In Part 1, I discuss the theory underlying both within-study comparisons and single ITS. I propose an assessment framework to determine whether results from a given design should be deemed "concordant" with an RCT for a given intervention. This framework aims to unify metrics for concordance used in the existing literature, and considers both practical and statistical significance. After summarizing best practices of single ITS analysis, I propose two falsification tests to determine whether the single ITS design is well suited for the trend stability of a particular dataset. These tests draw from literature on determining structural breaks in time series data, as well as work on the optimal binning of data in the regression discontinuity design.

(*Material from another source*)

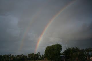 A wonderful, wonderful double rainbow out the window of the bus, an awesome end to a great trip.

In Part 2, I conduct two within-study comparisons for single ITS. The first study evaluates a behavior change campaign in Uganda aimed at increasing uptake of rapid diagnostic tests for malaria. The WSC finds that single ITS estimates are highly concordant with that of the RCT, producing almost identical results in both point estimate and standard error. This result is robust to multiple specifications. The second study evaluates the effect of the expansion of Medicaid on emergency department use in Oregon. In this case, the single ITS estimates are so discordant with the RCT as to produce statistically significant results in the wrong direction. This result is also robust to multiple specification decisions.

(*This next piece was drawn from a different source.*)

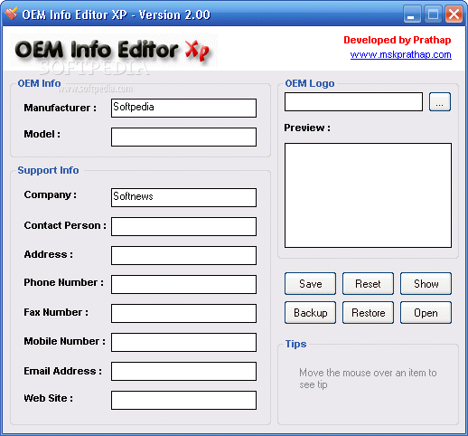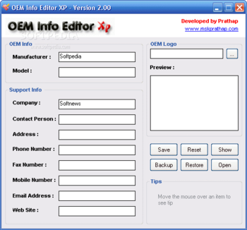 OEM Info Editor XP is a free software by Prathap and works on Windows 10, Windows 8.1, Windows 8, Windows 7, Windows XP, Windows 2000, Windows 2003, Windows 2008, Windows Vista, Windows 2012.

In comparing these differing results, I note important differences between the two datasets. The Uganda data passed the falsification tests for trend stability proposed in Part 1, while the Oregon data failed. Additionally, the Oregon sample is likely subject to a manifestation of self-selection known as "Ashenfelter's dip," whereas the Uganda sample is not. The implication of this shift in outcomes just before the intervention's introduction is especially damaging to single ITS, in comparison to traditionally "weaker" pre-post designs.
In Part 3, I attempt to generate hypotheses as to when single ITS should and should not be used. First, samples defined by self-selection are particularly problematic for single ITS analysis. Second, the advantages of relying on time trends must be weighed against the additional strong assumptions that the single ITS design carries with it. Third, trend stability in the pre period is a crucial factor in getting reliable estimates from single ITS. Fourth, the robustness of results in both WSCs suggests that whether to evaluate a given program with a single ITS design is a more important decision than how to implement ITS.